MinI0123·2023년 3월 18일

부스트캠프 AI Tech 5기

목록 보기

11/20

Out of Memory는 어디서 발생했는지 알기 어렵고, 메모리의 이전 상황을 파악하기 어렵기 때문에 해결이 어렵다. PyTorch를 사용할 때 마주할 수 있는 Out Of Memory를 해결할 수 있는 방법을 정리한다.

GPUUtil

GPUUtil은 GPU의 상태를 보여주는 모듈이다. 이를 사용하여 iter마다 메모리가 늘어나는지 확인하면 memory leak이 발생하고 있는지 확인할 수 있다.

!pip install GPUtill

import GPUtill
GPUtill.showUtilization()

empty_cache

torch.cuda.empty_cache는 사용되지 않는 GPU상의 cache를 정리하는 함수이다. 사용하지 않는 GPU내의 cache를 정리하여 가용 메모리를 확보하는 방법이다.

Tensor 축적

total_loss = 0
for i in range(10000):
  optimizer.zero_grad()
  output = model(input)
  loss = criterion(output)
  loss.backward()
  optimizer.step()
  total_loss += loss

Tensor 변수는 GPU 상의 메모리를 사용한다. 따라서 위와 같은 코드를 작성하면 total_loss의 backward 호출 시를 위해 computational graph가 GPU 메모리에 쌓인다. 이는 결국 OOM으로 이어질 수 있다. 반복문 내부에서 tensor의 연산은 주의가 필요하다.

del

필요없어진 변수는 삭제가 필요하다. 파이썬은 loop(for, while)이 끝나도 내부 변수가 사라지지 않기 때문이다. del을 사용하여 삭제할 수 있다.

Batch size

OOM이 발생하였다면 batch size를 줄여가면서 가능한 batch size를 찾을 수 있다.

no_grad

Inference(학습 후 테스트)시점에서는 torch.no_grad()를 사용하는 것이 좋다. backward로 인해 쌓이는 메모리에서 자유로울 수 있기 때문이다.

torch.no_grad 클래스는 gradient 연산을 끌 때 사용하는 파이썬의 context-manager이다.

Context-Manager

사용할 수 있는 리소스는 제한적이기 때문에 사용한 리소스를 release 하는 것이 중요하다. Context-manager는 원하는 타이밍에 정확하게 리소스를 할당하고 release하는 방법을 제공한다.

가장 많이 사용하는 Context-manger는 with 구문이다. with구문을 사용하기 위해서는 __enter__와 __exit__를 정의해야 한다.

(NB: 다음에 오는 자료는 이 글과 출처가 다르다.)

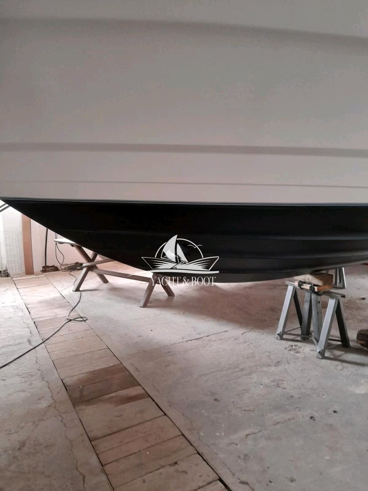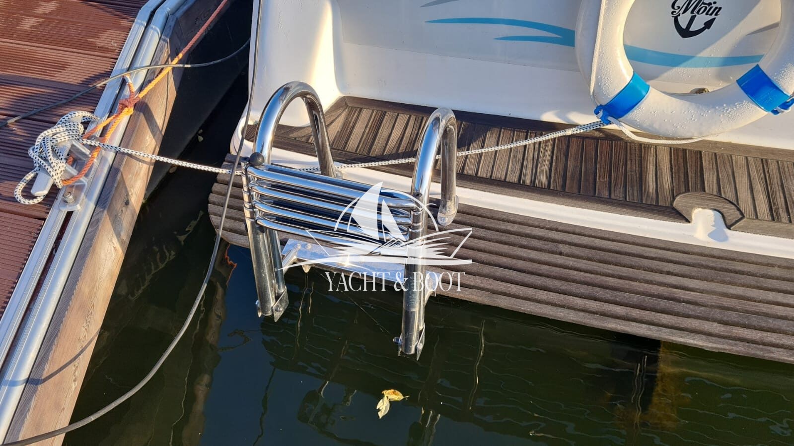 With a length of 9.23 meters, a width of 3.00 meters and a draught of 0.80 meters, the "Emilia" offers a good balance of space, stability and sporty agility. The white GRP planing hull impresses with its solid construction and timeless design, which still looks modern today.

__enter__ : with 구문 진입 시점에 자동 호출되는 메소드

__exit__ : with 구문을 빠져나오기 직전 호출되는 메소드

정의

no_grad 클래스는 다음과 같이 정의되어 있다.

class no_grad(_DecoratorContextManager):
    def __init__(self) -> None:
        if not torch._jit_internal.is_scripting():
            super().__init__()
        self.prev = False

    def __enter__(self) -> None:
        self.prev = torch.is_grad_enabled()
        torch.set_grad_enabled(False)

    def __exit__(self, exc_type: Any, exc_value: Any, traceback: Any) -> None:
        torch.set_grad_enabled(self.prev)

with 구문 진입시 원래 grad mode를 prev에 저장하고 false(No-Grad mode)로 변경한다. Autograd engine을 꺼서 gradient를 자동으로 추적하지 않도록 하는 것이다. 이를 통해 gradient를 사용하지 않는 경우 메모리 사용량을 아낄 수 있다. with 구문에서 나올 때는 grad mode를 with 구문 진입 직전의 grad mode로 되돌려 놓는다.

Grad Modes

PyTorch의 Autograd 연산에 영향을 주는 모드를 Grad mode라고 한다. Grad Mode에는 3가지가 있다.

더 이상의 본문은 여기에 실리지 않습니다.